Though some of the entries are considerably less critical than others (the ones dealing with artists of the '90s tend to be superficial), the key figures of country music are all treated concisely and responsibily, in many cases by such leading scholars as Bill C. Malone, Nolan Porterfield and Neil V. Rosenberg.

* Philosophy. Few subjects strike as much fear into the hearts of ordinary readers as does philosophy, and most "introductory" treatments sow more confusion than they clear up. Not so Ted Honderlich's "Oxford Companion to Philosophy" (Oxford, 1,009 pages, $49.95), which is without doubt the very finest single-volume dictionary of philosophy ever published.

The 249 contributors, among whom are numbered such distinguished philosophers as Isaiah Berlin, Alasdair MacIntyre and Michael Walzer, have produced 2,000-odd entries that are mostly short and invariably to the point, and the cross-references are consistently helpful.

The results live up to Honderlich's stated goals: "The book is for all those who want authoritative enlightenment, judgment by good judges. Thus it is directed partly to general readers for whom philosophy has a fascination greater than or at least as great as any other part of our intellectual and cultural existence, and who want accounts of it that they can trust. The book is also directed to those who study and practice the subject, and are scrupulous about their guides. If it did not also have the second aim, it could not have the first. No accounts of a subject can be authoritative for the general reader if they do not also attract and aim to survive the scrutiny of its readers."

* Art. Robert Hughes' "American Visions: The Epic History of Art in America" (Knopf, 635 pages, $65), published earlier this year, has been blasted by scholars for offenses ranging from triviality to plagiarism. But while it isn't perfect, you'll look a long time before finding a more exciting book about art.

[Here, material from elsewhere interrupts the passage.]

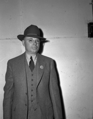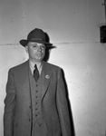 Southwestern Exposition and Fat Stock Show visitor Kent M. Weaver, Concord, California, is seen standing in front of a wall, wearing a suit, and a hat. Weaver has been interested in the Palomino horse since he was a boy and is regarded as one of the best known judged of Palomino horses on the Pacific Coast.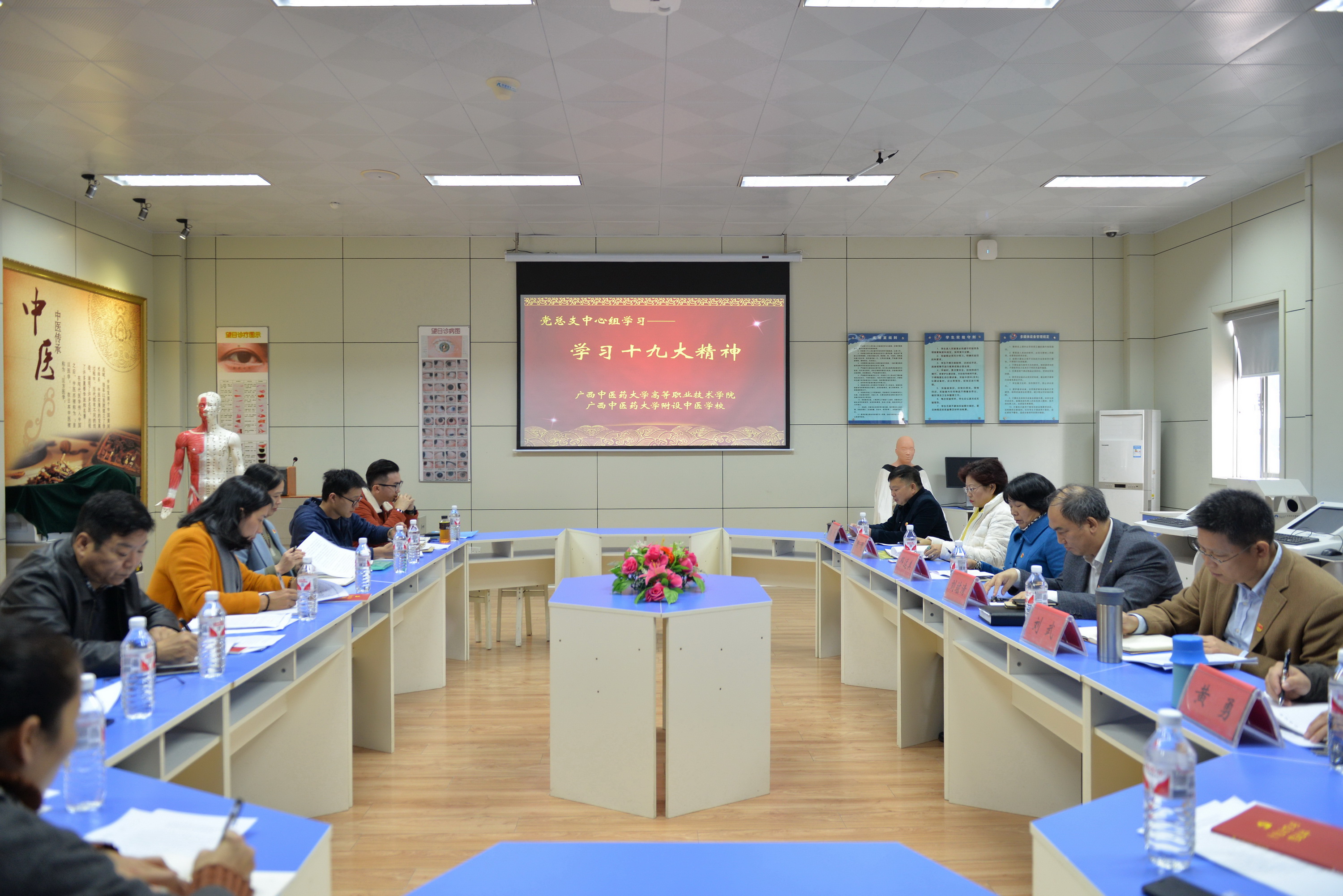 11月22日下午,高职院、附设中医学校党总支在北湖校区中诊实训室举行中心组学习十九大精神专题学习会。会议由党总支书记邓远美主持,党总支中心组成员参加学习。

Hughes flies his prejudices like a battle pennant, and isn't afraid to be funny, a commodity rarely in evidence among the jargon-gnawing Marxists who currently dominate American art criticism. Here, for example, is his devastating last word on Andy Warhol: "He matched the 1980s, and was in perfect sync with their greed, their puffery, their rampant pursuit of status through art. As Sir Thomas Beecham said when the elephant crapped on the stage during rehearsals for 'Aida': what a critic!"

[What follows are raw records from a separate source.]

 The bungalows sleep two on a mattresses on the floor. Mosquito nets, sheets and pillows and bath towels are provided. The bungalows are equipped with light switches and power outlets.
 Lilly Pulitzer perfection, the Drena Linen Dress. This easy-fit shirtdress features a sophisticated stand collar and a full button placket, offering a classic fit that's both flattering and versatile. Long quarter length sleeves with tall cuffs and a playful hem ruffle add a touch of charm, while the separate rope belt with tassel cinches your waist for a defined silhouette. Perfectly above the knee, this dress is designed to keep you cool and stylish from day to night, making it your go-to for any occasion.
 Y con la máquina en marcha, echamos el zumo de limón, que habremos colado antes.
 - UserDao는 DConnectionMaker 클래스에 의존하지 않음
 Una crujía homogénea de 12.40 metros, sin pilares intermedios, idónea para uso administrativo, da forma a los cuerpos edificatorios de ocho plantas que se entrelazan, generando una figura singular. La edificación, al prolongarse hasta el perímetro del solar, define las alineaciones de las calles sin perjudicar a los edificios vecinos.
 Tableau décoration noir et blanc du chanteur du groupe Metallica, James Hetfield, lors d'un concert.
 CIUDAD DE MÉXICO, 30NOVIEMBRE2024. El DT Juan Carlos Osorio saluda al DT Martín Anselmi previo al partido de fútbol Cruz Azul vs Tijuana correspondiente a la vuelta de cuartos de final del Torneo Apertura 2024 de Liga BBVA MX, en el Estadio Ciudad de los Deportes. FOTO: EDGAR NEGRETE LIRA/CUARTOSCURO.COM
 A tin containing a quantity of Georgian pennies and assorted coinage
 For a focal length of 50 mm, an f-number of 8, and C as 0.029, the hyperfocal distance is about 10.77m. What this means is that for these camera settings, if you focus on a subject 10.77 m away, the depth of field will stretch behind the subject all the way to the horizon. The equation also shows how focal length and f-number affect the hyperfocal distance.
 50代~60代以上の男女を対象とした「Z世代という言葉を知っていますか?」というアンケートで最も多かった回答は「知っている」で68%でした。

Terry Teachout, author of The Sun's "Instant Culture" occasional series, is the music critic of Commentary and a contributing writer for Time magazine. He also writes about the arts for the New York Times, the Wall Street Journal, National Review and other publications. The editor of "A Second Mencken Chrestomathy" (Knopf), he is currently at work on "H. L. Mencken: A Life," to be published by Simon & Schuster.